The Supreme Court on Tuesday ruled against Cisco in a multi-million dollar patent infringement case.
Cisco was accused of inducing others to infringe by selling wireless networking equipment with technology similar to that of another company, Commil. The court found that Cisco’s belief that Commil’s patent for the technology was invalid was no defense.
{mosads}“In the usual case, ‘I thought it was legal’ is no defense. That concept mirrors this Court’s holding [in this case],” Justice Anthony Kennedy wrote in the 6-2 opinion. Justice Stephen Breyer did not take part.
The majority said that ruling otherwise would allow companies accused of inducing patent infringement to claim they were merely acting in good faith, making litigation more burdensome and increasing discovery costs.
The court noted Tuesday’s case did not involve the type of frivolous litigation generally associated with “patent trolls” who “use patents as a sword to go after defendants for money.” But Kennedy did reaffirm the powers of district courts to sanction attorneys and force patent trolls to pay legal fees in some exceptional cases that involve frivolous litigation.
Justice Antonin Scalia dissented, and said the ruling could increase the “power of patent trolls” to bring demand letters. He said, however, that the Supreme Court is not the place to factor in those practical considerations.
Commil owns a patent for what is described as a method for using short-range wireless networks. It sued Cisco for infringement and for causing others to infringe by selling similar technology.
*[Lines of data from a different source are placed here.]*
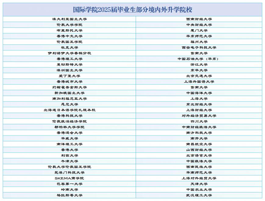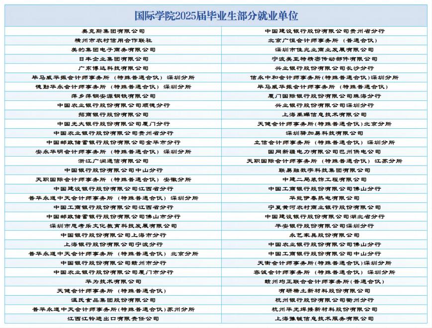 老虎机 2025届毕业生有近40%的学生国内升学、出国(境)交流或交换学习,或留学攻读硕士、博士学位;45%左右的学生在国内外从事金融服务业或进驻商务领域。他们当中,有直接就业于华为、美的、普华永道、德勤等世界知名跨国公司,有任职于国家外交部、税务总局等国家公务员岗位;有进入牛津大学、哥伦比亚大学等全球顶尖名校学习,有考取浙江大学、厦门大学、中央财经大学、上海财经大学等国内著名高校继续深造。
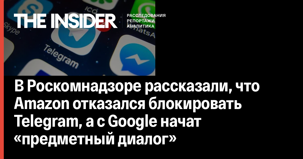 В Роскомнадзоре рассказали, что Amazon отказался блокировать Telegram, а c Google начат «предметный диалог»
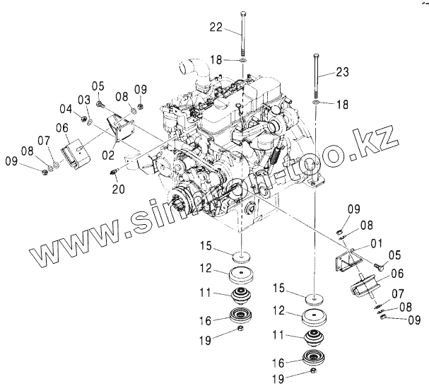 Каталог запасных частей к технике: Hitachi ZX-160W. ENGINE SUPPORT
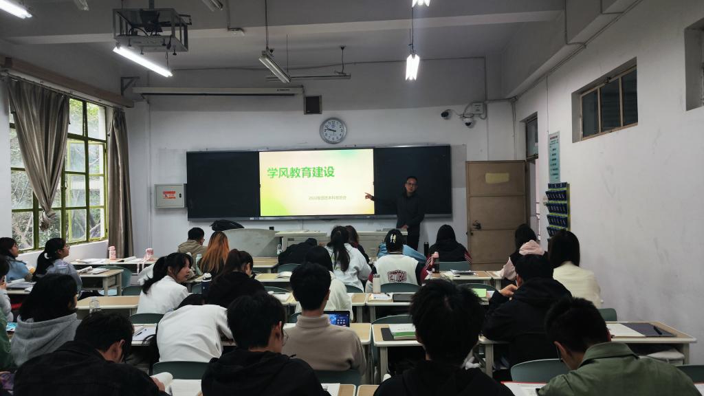 2024年11月5日早上,为了提高员工综合素质,促进员工全面发展,塑造良好的学术氛围,激发员工的学习热情和探究精神,传承优秀学术传统。22级园艺本科班全体同学于伟德国际1949始于英国第一教学楼210室开展了“学风教育建设”的班会活动,班会主持人龙成老师。
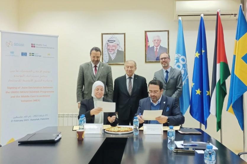 تحت رعاية وزير الاقتصاد الوطني خالد عسيلي، وقّع برنامج "مستدامة" التابع لمنظمة الأمم المتحدة للتنمية الصناعية (اليونيدو) ومبادرة الشرق الأوسط للاستثمار(MEII) ، اليوم الثلاثاء، إعلانا مشتركا لتسهيل وصول المنشآت الصناعية الفلسطينية الصغيرة والمتوسطة إلى التمويل.
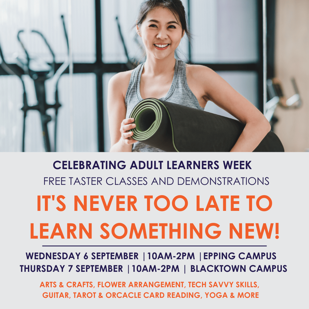 At MCC Macquarie Community College we believe “It’s Never Too Late To Learn Something New”! To celebrate Adult Learners Week in 2023, we will be holding free taster classes and demonstrations.
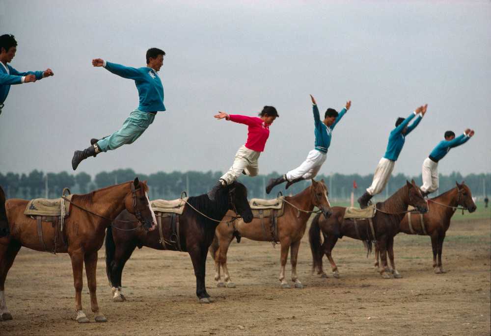 Конные акробаты на репетиции. Внутренняя Монголия, Китай, 1979.
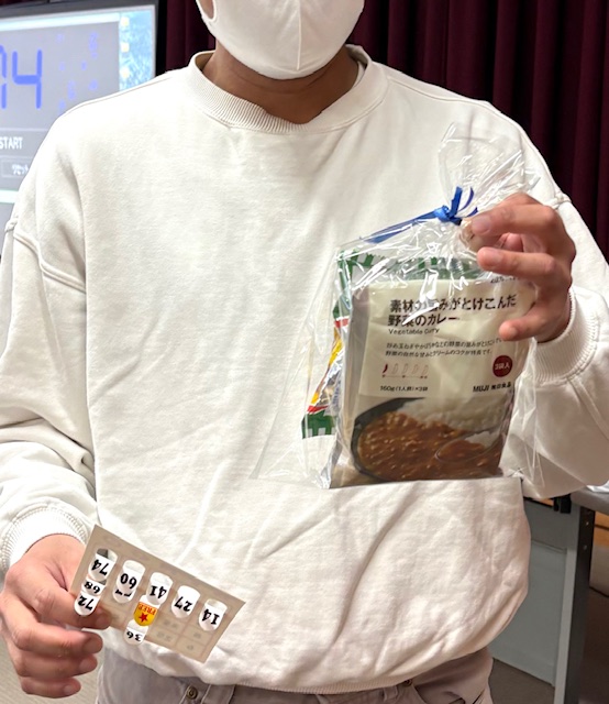 プログラムが終了 お弁当希望者の方たちにお弁当を配り
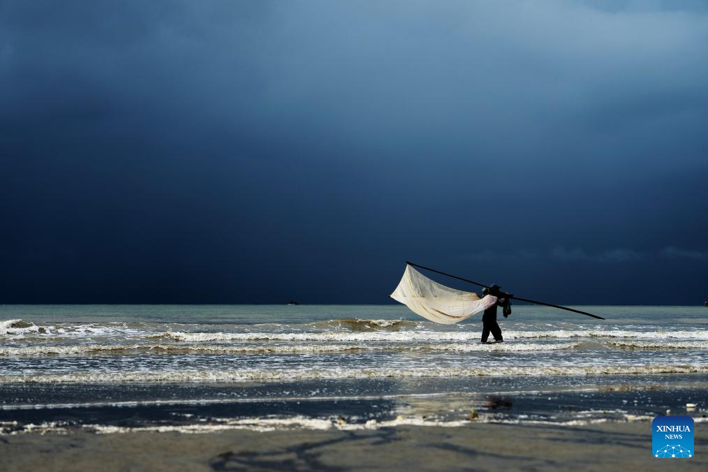 A fisherman is seen at Jintan beach in Dongxing, south China's Guangxi Zhuang Autonomous Region, Aug. 15, 2023. Jintan beach, which is located in the southern part of the Wanwei Island, has a coastline of 15 kilometers and is named after its golden sand color. (Xinhua/Fei Maohua)
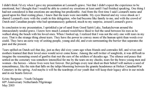 Historical Information: The Netherlands fell to the Germans in May 1940 and was not re-entered by Allied forces until September 1944. The great majority of those buried in Holten Canadian War Cemetery died during the last stages of the war in Holland, during the advance of the Canadian 2nd Corps into northern Germany, and across the Ems in April and the first days of May 1945. After the end of hostilities the remains of over 1,300 Canadian soldiers were brought together into this cemetery.
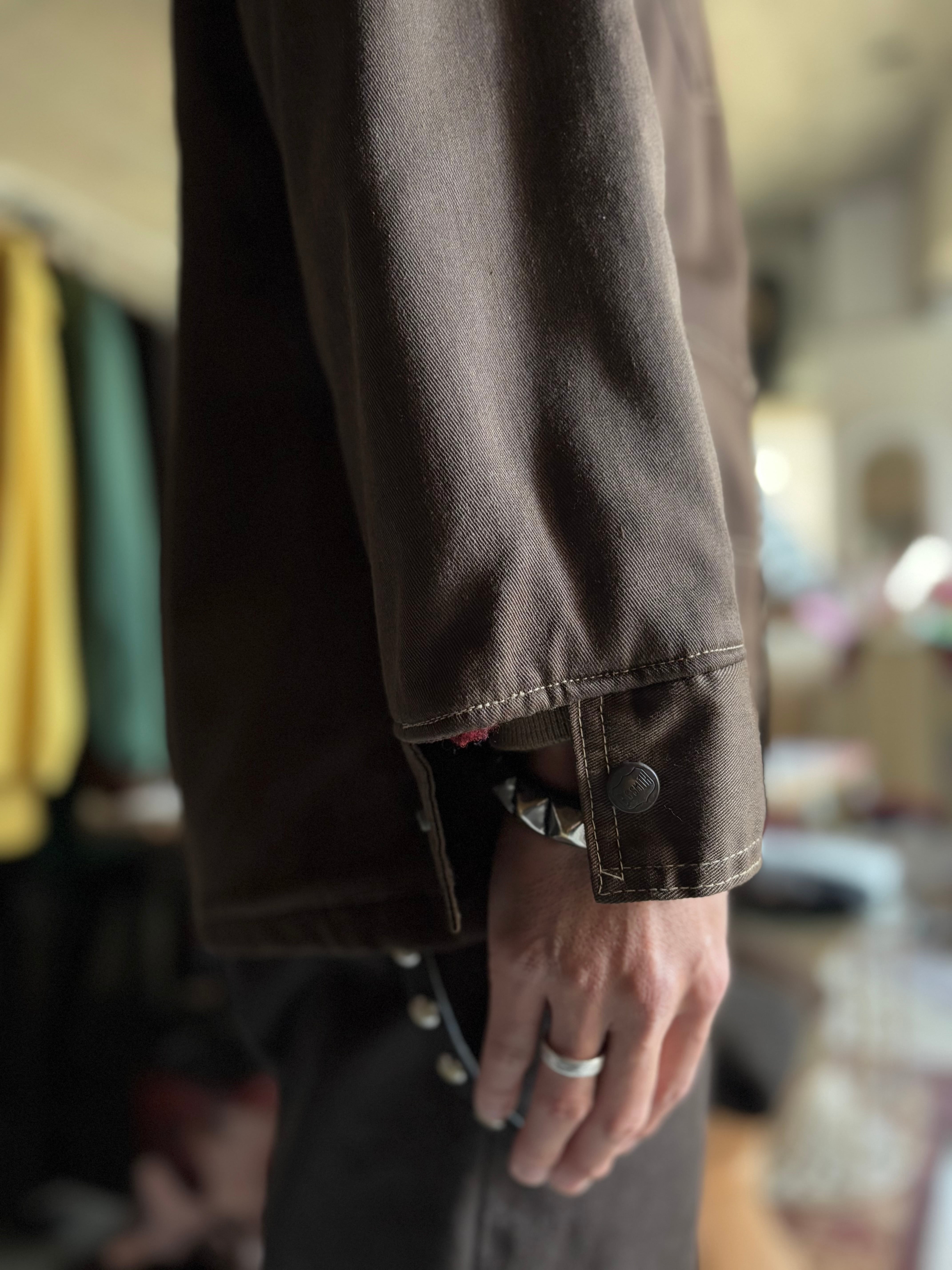 コットンポリのツイル生地。リサイクルウールライナー。オーセンティックフィット。スタンダードな4ポケットスタイル。珍しいチョコブラウンカラーに、軽めの着心地が魅力の良質vintage。
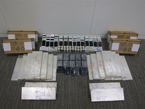 Customs officers intercepted an outgoing container truck at Lok Ma Chau Control Point yesterday afternoon and seized a large quantity of central processing units concealed inside the altered axles of the trailer. Subsequently, Customs officers searched a cargo yard in Yuen Long and an industrial building unit in Kowloon Bay where silver bars, central processing units, solid state drives, used smartphones and packing materials were further seized.
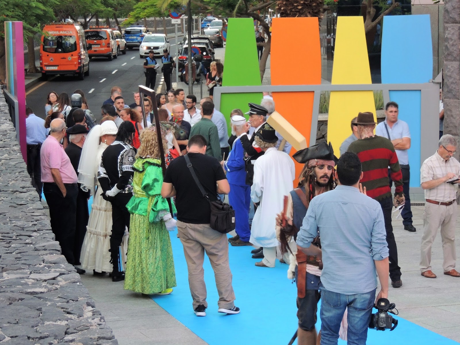 El acto comenzaba a partir de las 21:00 horas, los invitados fueron llegando poco a poco. Los había de todos los ámbitos: representantes de las agrupaciones del carnaval, diseñadores, periodistas, políticos, reinas del carnaval, todas personas vinculadas a este mundo. Al lugar accedíamos franqueando una puerta muy colorida, decorada con gigantes pitos de murga, y eramos recibidos por los personajes del carnaval, que aprovechaban para bromear y hacer de las suyas.
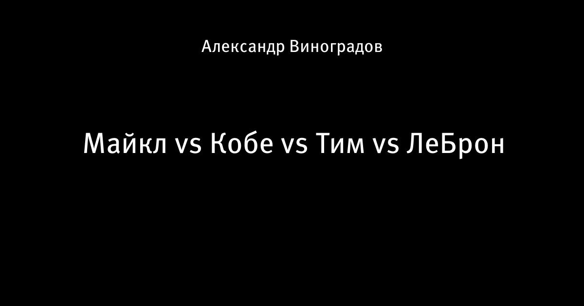 7 июня 2013, 07:55 Майкл vs Кобе vs Тим vs ЛеБрон источник - ФБ страничка Numbers Never Lie Автор Александр Виноградов Этот пост опубликован в блоге на Трибуне Sports.ru. Присоединяйтесь к крупнейшему сообществу спортивных болельщиков! Другие посты блога Видео НБА Леброн Джеймс Тим Данкан Майкл Джордан Кобе Брайант
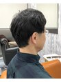 ニュアンスパーマで毛流れをつくり、刈り上げとの境目もなじむように自然な仕上がりに。
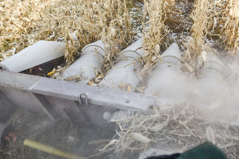 Белорусские комбайны «Палессе» с похожими на широкие стрелы жатками бодро бегают по кукурузному полю. Это специальные жатки, предназначенные именно для уборки кукурузы. Снизу спрятаны лезвия, которые срезают стебель, специальный механизм «забирает» его внутрь через специальное окошко. В барабанах отделяются листья, а также обмолачивается само зерно, которое заполняет бункер. Пока комбайн идет по полю, из кустов кукурузы то тут, то там взлетают ввысь фазаны — любители полакомиться сладким зерном. На полях металлический «работник» оставляет за собой измельченные остатки стебля и пустые початки, которые выдувает обратно из комбайна.
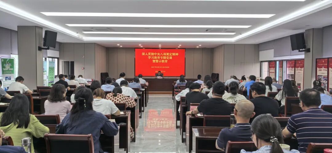 为扎实推进深入贯彻中央八项规定精神学习教育走深走实,切实增强党员干部纪律意识、规矩意识,筑牢拒腐防变思想防线,6月19日,雨花台生态环境局党组书记、局长许颐欣以“锲而不舍落实中央八项规定精神,锻造新时代环保铁军过硬作风”为主题,为全局党员干部讲授了一堂深刻而务实的中央八项规定精神学习教育专题党课。全局全体党员干部参加会议。

A jury previously ordered Cisco to pay $63.7 million in damages for inducing others to infringe.
Cisco appealed and argued it had acted under the belief that the Commil patent was invalid. The U.S. Patent and Trademark Office subsequently deemed the patent to be valid during a review.
The court on Tuesday argued that when “infringement is the issue, the validity of the patent is not the question to be confronted.”
“An accused infringer can, of course, attempt to prove that the patent in suit is invalid; if the patent is indeed invalid, and shown to be so under proper procedures, there is no liability. That is because invalidity is not a defense to infringement, it is a defense to liability,” according to the ruling.
Separately, the court clarified its previous position that one must prove two things when bringing accusations of induced infringement: “knowledge of the patent in suit and knowledge of patent infringement.”